Content starts
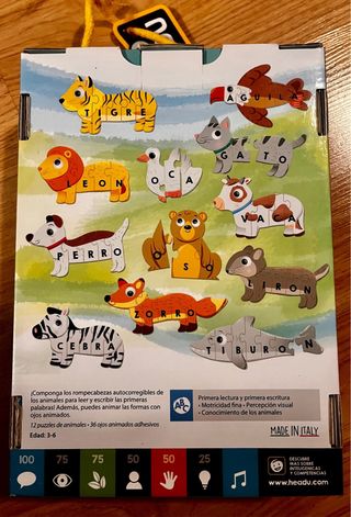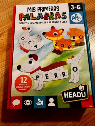 Juego de mesa Mis Primeras Palabras para aprender el abecedario y vocabulario. - Incluye 12 figuras de animales con ojos animados. - Fomenta el aprendizaje de palabras y animales. - Ideal para niños de 3 a 6 años. Esta nuevo como se puede observar que los ojos de los animales siguen estando en la bolsa de plástico.
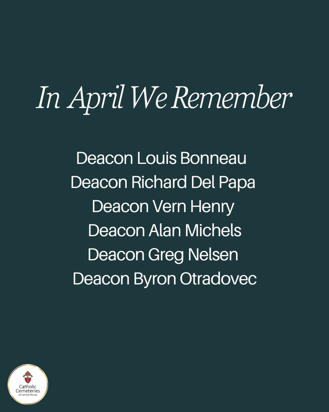 We invite you to join us for the monthly Mass of Remembrance for deceased Priests and Deacons of the Diocese of Orlando.
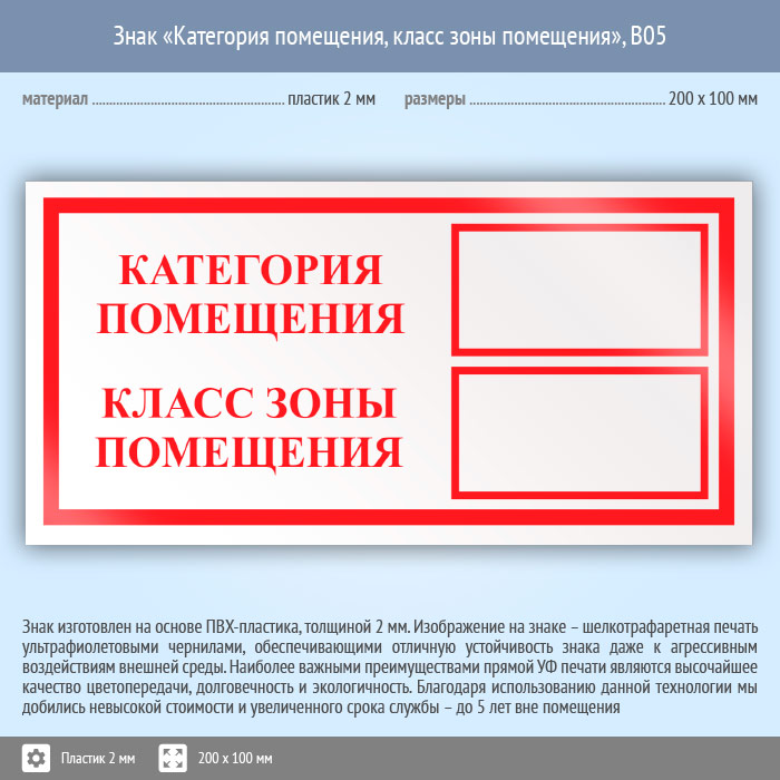 Знак «Категория помещения, класс зоны помещения», B05 (пластик, 200х100 мм) в Ачинске купить
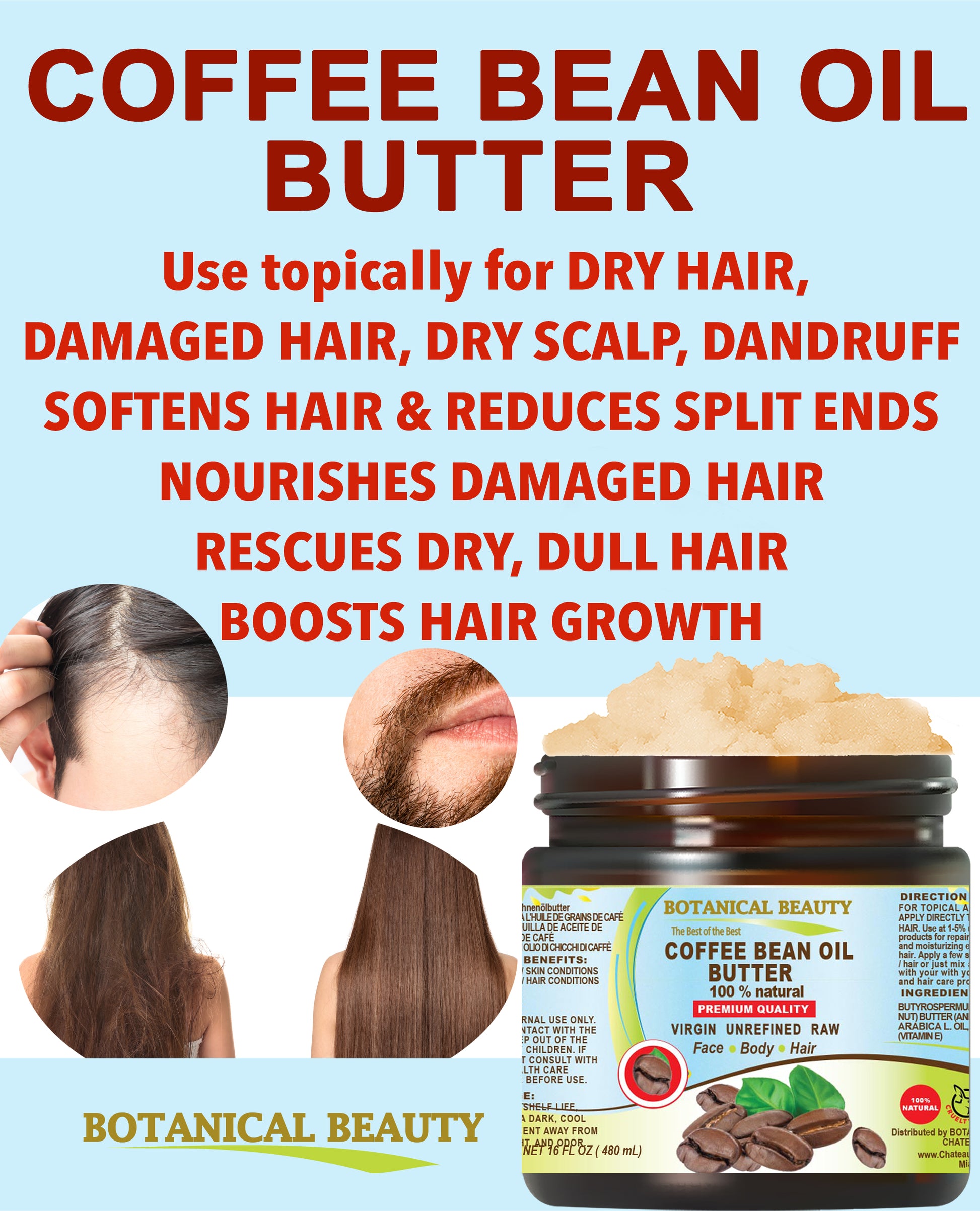 - El ACEITE Y MANTEQUILLA DE GRANO DE CAFÉ ARÁBICA es muy recomendado para el CABELLO SECO, QUEBRADIZO Y DAÑADO para estimular el crecimiento saludable del cabello, reparar las puntas abiertas y aumentar la vitalidad.
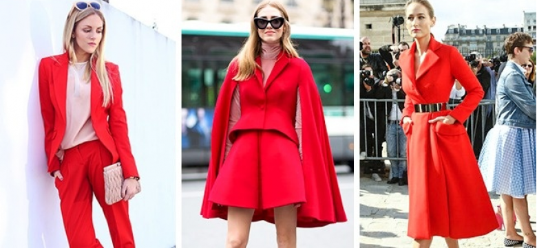 • Красный моно-лук — это очень элегантно. Даже красная помада — это не чересчур. А добавление всего одной детали белого или светло-розового цвета сделает ваш образ еще более современным.
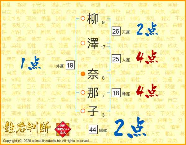 柳澤奈那子さんの天運は26画の2点!
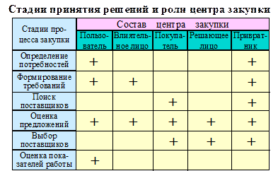 Этап 4. Поиск поставщиков. Происходит формирование перечня поставщиков с их характеристиками. Этап 5. Запрашивание предложений от поставщиков. Этап 6. Выбор поставщика. Происходит изучение предложений и производится ранжирование поставщиков, при этом используются следующие критерии: общая репутация поставщика, оперативность и надежность поставок, быстрота реакции на нужды клиента, качество товара, цена товара, полнота товарного ассортимента, возможность предоставления кредита и/или рассрочки, уровень квалификации агента-сбытовика, наличие гарантийного обслуживания, личные отношения и т.д. Этап 7. Заключение договора с поставщиком и выдача заказов на поставки. Указываются технические характеристики товара, количество, время поставки, условия оплаты и возврата, гарантии. Этап 8. Оценка работы поставщика. Рассмотрим роли участников закупочного центра в реализации процесса закупки (рис.).
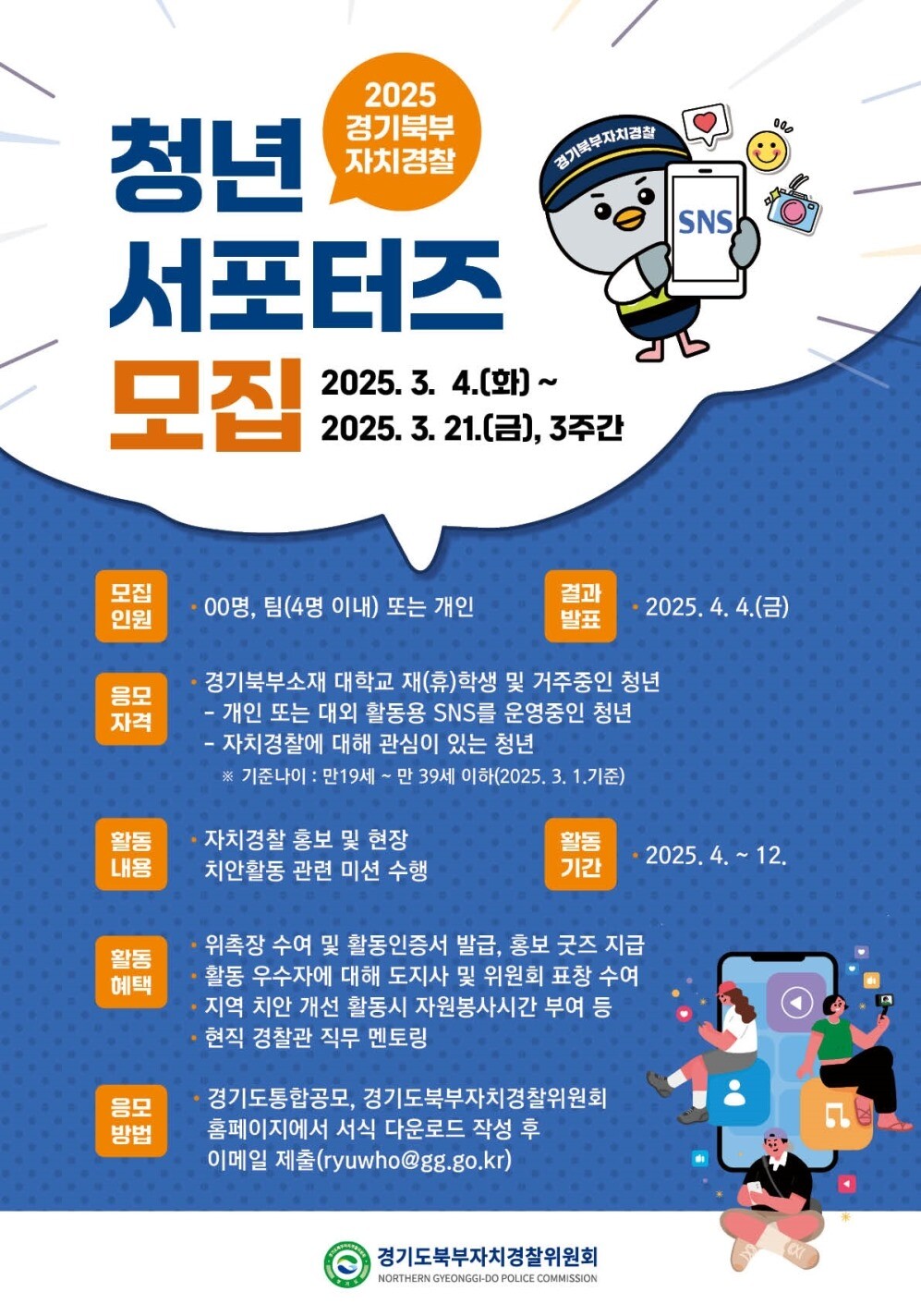 서포터즈 모집은 3월 21일까지 진행되며, 지원을 희망하는 청년은 경기도북부자치경찰위원회 공식 누리집의 공고문을 확인한 후, 서포터즈 담당자 이메일(ryuwho@gg.go.kr)로 신청서를 제출하면 된다.
Content ends
Beginning with the first entry above, reproduce every line verbatim until the line with "柳澤奈那子さんの天運は26画の2点!", which is included too; omit pictures.

 Juego de mesa Mis Primeras Palabras para aprender el abecedario y vocabulario. - Incluye 12 figuras de animales con ojos animados. - Fomenta el aprendizaje de palabras y animales. - Ideal para niños de 3 a 6 años. Esta nuevo como se puede observar que los ojos de los animales siguen estando en la bolsa de plástico.
 We invite you to join us for the monthly Mass of Remembrance for deceased Priests and Deacons of the Diocese of Orlando.
 Знак «Категория помещения, класс зоны помещения», B05 (пластик, 200х100 мм) в Ачинске купить
 - El ACEITE Y MANTEQUILLA DE GRANO DE CAFÉ ARÁBICA es muy recomendado para el CABELLO SECO, QUEBRADIZO Y DAÑADO para estimular el crecimiento saludable del cabello, reparar las puntas abiertas y aumentar la vitalidad.
 • Красный моно-лук — это очень элегантно. Даже красная помада — это не чересчур. А добавление всего одной детали белого или светло-розового цвета сделает ваш образ еще более современным.
 柳澤奈那子さんの天運は26画の2点!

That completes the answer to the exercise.